I have a legacy system based on Solr 1.2 and trying to port it to
ES. One of the features of the system is the possibility to create a
"context" inside your index, a "context" is a search in the index with
a big list of terms of some concept like Middle East Economy, Weather
in Brazil, etc... As the list of terms in the search grows, the number
of docs returned by that search also grows, but docs with a low score
are outside the context (meaning that the document is not of that
subject), so I Iet the user choose a threshold score that will define
the docs inside the context.

In that version of Solr, (Lucene was 2.2) there was no way to
filter the documents of a search by a score, and I needed to know how
many documents had a score higher than the threshold, so I created a
SearchHandler that used a ScoreCollector wich extended HitCollector
and just computed how many documents passed the threshold (a parameter
passed to the handler) and returned that.
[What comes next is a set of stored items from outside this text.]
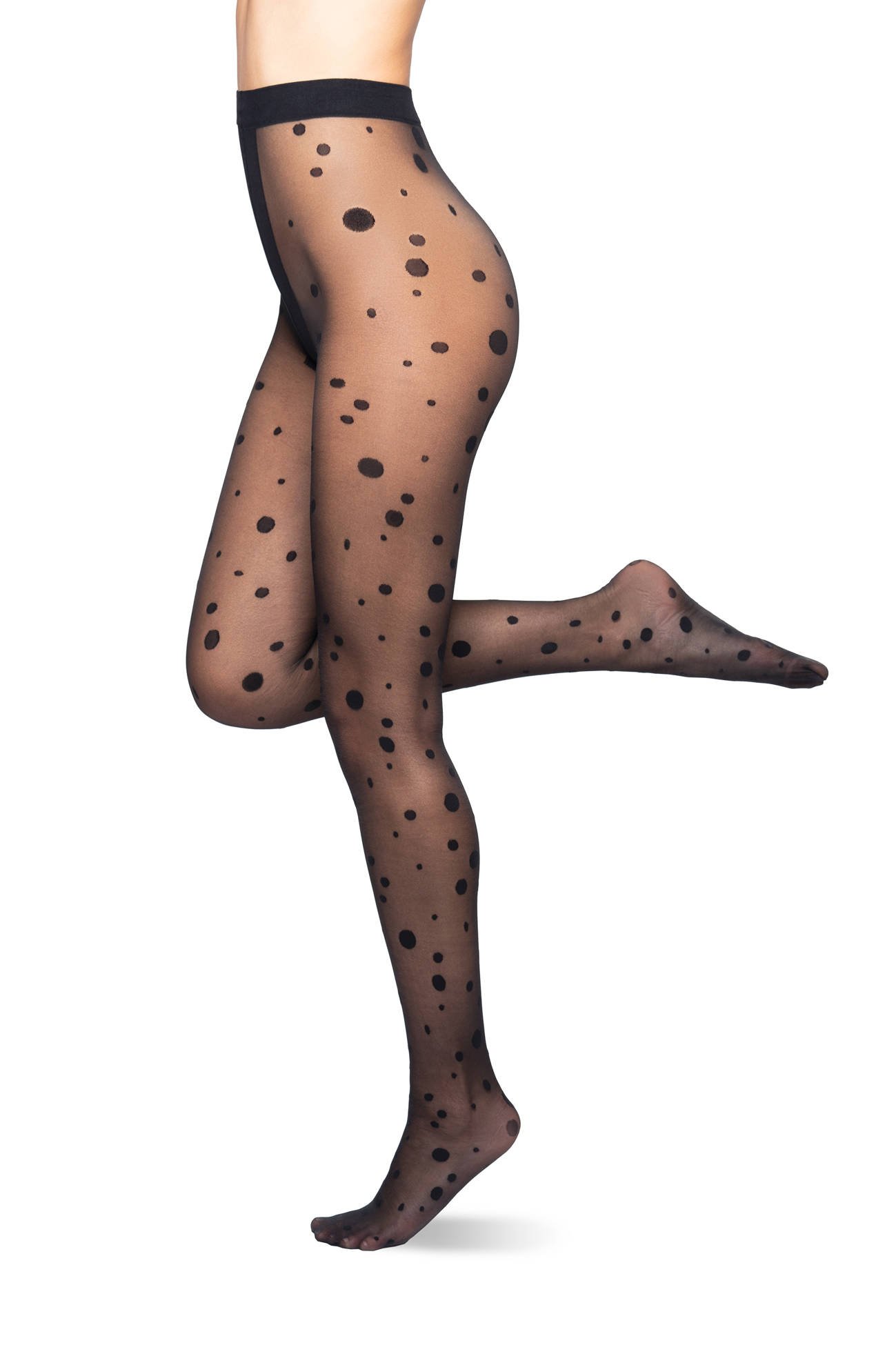 Urocze rajstopy w nieregularne kropki z włókna LYCRA podwójnie oplecionego jedwabiem poliamidowym.
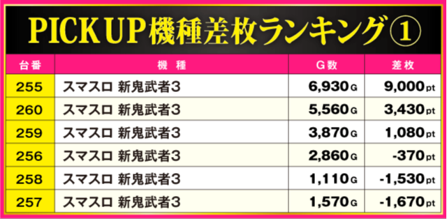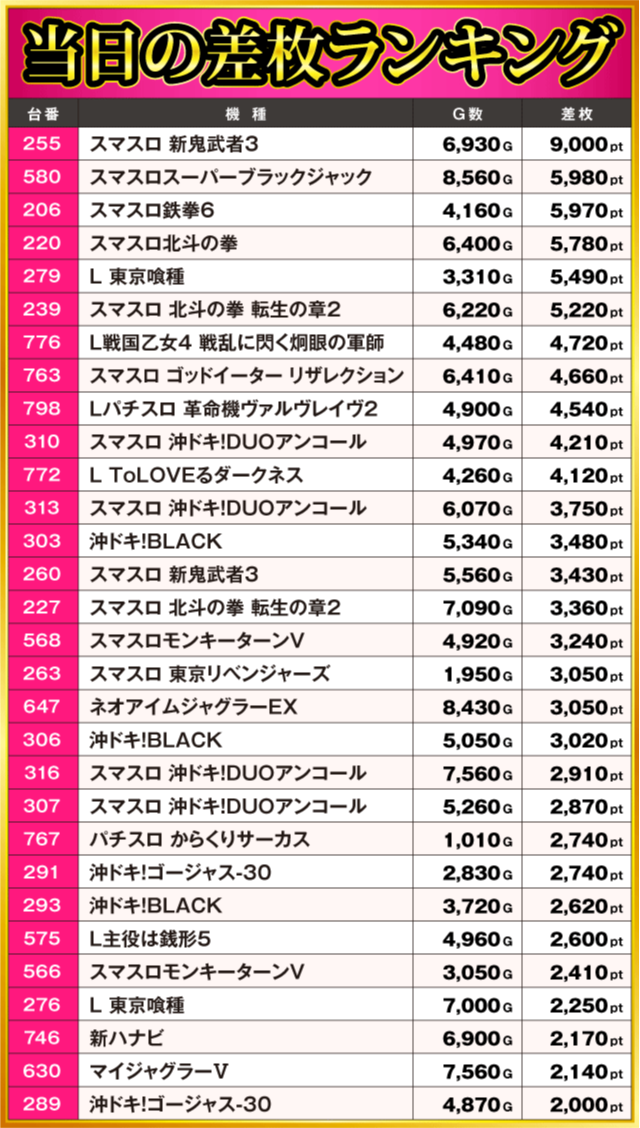 当日の差枚ランキング
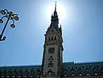 Конечно, у старинного Гамбурга была когда-то соответствующая старинная ратуша, только ей сильно не повезло в 1844 году, во время грандиозного пожара. А вот потом случилось так, что местные власти в течение почти четырёх десятилетий не могли собраться на строительство нового здания: то кризис выдастся, то политические неурядицы, то ещё что-нибудь. Лишь ближе к концу XIX века проекту был дан "зелёный свет", и уж тогда известный зодчий Мартин Халлер сотоварищи постарался создать нечто замечательное. И такое замечательное ему создать удалось, хотя если бы он больше налегал на декоративное оформление, мне кажется, ратуша только выиграла бы в живописности...
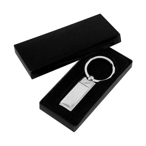 Llavero Metálico Rectangular. Presentación en estuche laminado negro con cuna aterciopelada.
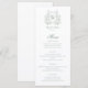 Esta elegante tarjeta del menú Bodas Elegantes con Escudo floral verde sabio cuenta con un escudo floral vintage de estilo chinoiserie que enmarca el elegante guión de boda de caligrafía.
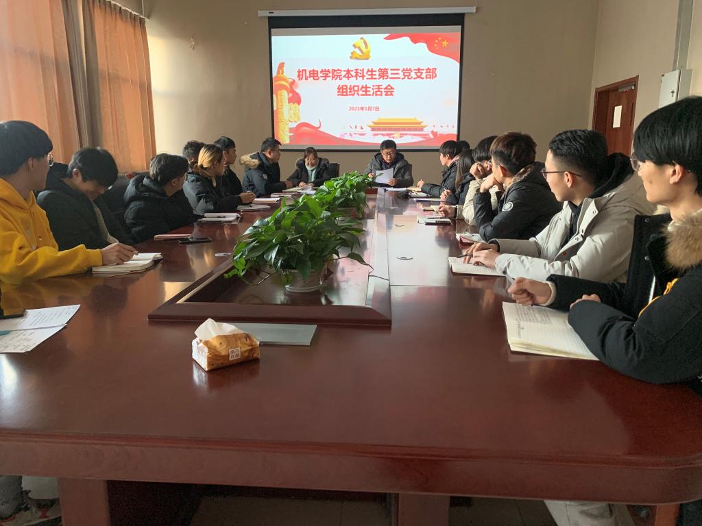 为落实学校党委组织部《关于召开基层党支部组织生活会及开展民主评议党员工作的通知》要求,2021年1月7日下午,澳门十大信誉好的网站本科生第三党支部在机电楼518会议室召开了2020年度组织生活会。澳门十大信誉好的网站党委委员付平老师对会议进行了点评,会议由支部书记王作辉主持。
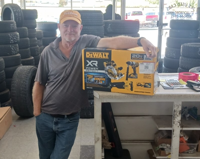 LAFOLLETTE, TN (WLAF) – The winner’s name for the latest grand prize from JR’s Tires was drawn Saturday morning. Since the spring, JR’s Tires has been giving away major prizes as well as cash prizes, and the giving continues in September. Jaylynn Kitts Malone drew from a whole lot of entries, and Cotton Collingsworth is the September winner of the DeWALT battery powered tool set which includes batteries and the charger.
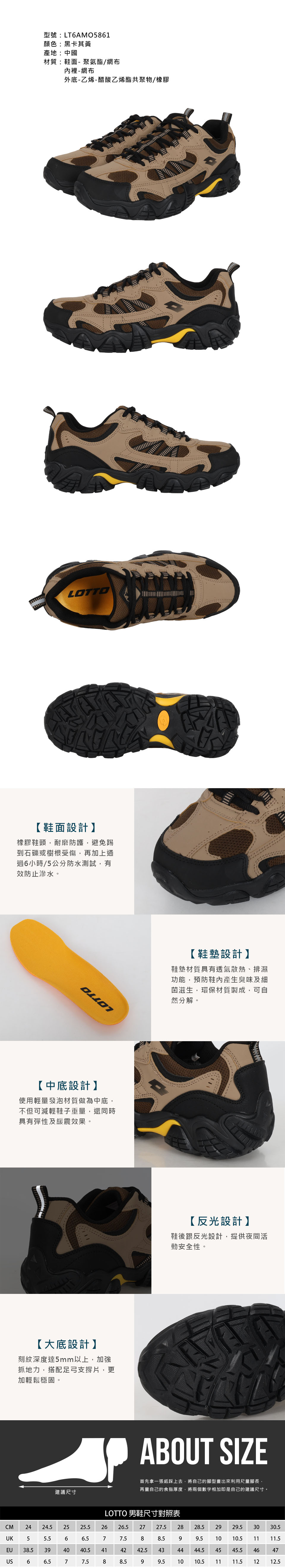 LOTTO 男款REX防水登山踏青鞋  LT6AMO5861 - 黑卡其黃

Do you guys have any clue how to achieve this with ES? I would
have to write a plugin or something? Is there a way of filtering
results by a minimum score in ES? That would be great! I tried using
the _score in a filter script but I see that the scorer inside
DocLookup is null. Is there some kind of after-score filter, filters
that are applied after the score is computed?

Thanks for the help,
Rossini


(Shay Banon) #3

Its problematic to use the score in a filter that is part of the search process (compared to using it in facets). But, you can open an issue and we can add a minimum score parameter that will filter out results that are below it.
On Thursday, February 24, 2011 at 4:29 AM, Thiago Souza wrote:

That's a problem I'm facing too. Would like to know a workaround as well.
Cheers
On Feb 22, 2011 6:52 PM, "Rafael Rossini" rafael.rossini@gmail.com wrote:

Hello Guys,

I have a legacy system based on Solr 1.2 and trying to port it to
ES. One of the features of the system is the possibility to create a
"context" inside your index, a "context" is a search in the index with
a big list of terms of some concept like Middle East Economy, Weather
in Brazil, etc... As the list of terms in the search grows, the number
of docs returned by that search also grows, but docs with a low score
are outside the context (meaning that the document is not of that
subject), so I Iet the user choose a threshold score that will define
the docs inside the context.

In that version of Solr, (Lucene was 2.2) there was no way to
filter the documents of a search by a score, and I needed to know how
many documents had a score higher than the threshold, so I created a
SearchHandler that used a ScoreCollector wich extended HitCollector
and just computed how many documents passed the threshold (a parameter
passed to the handler) and returned that.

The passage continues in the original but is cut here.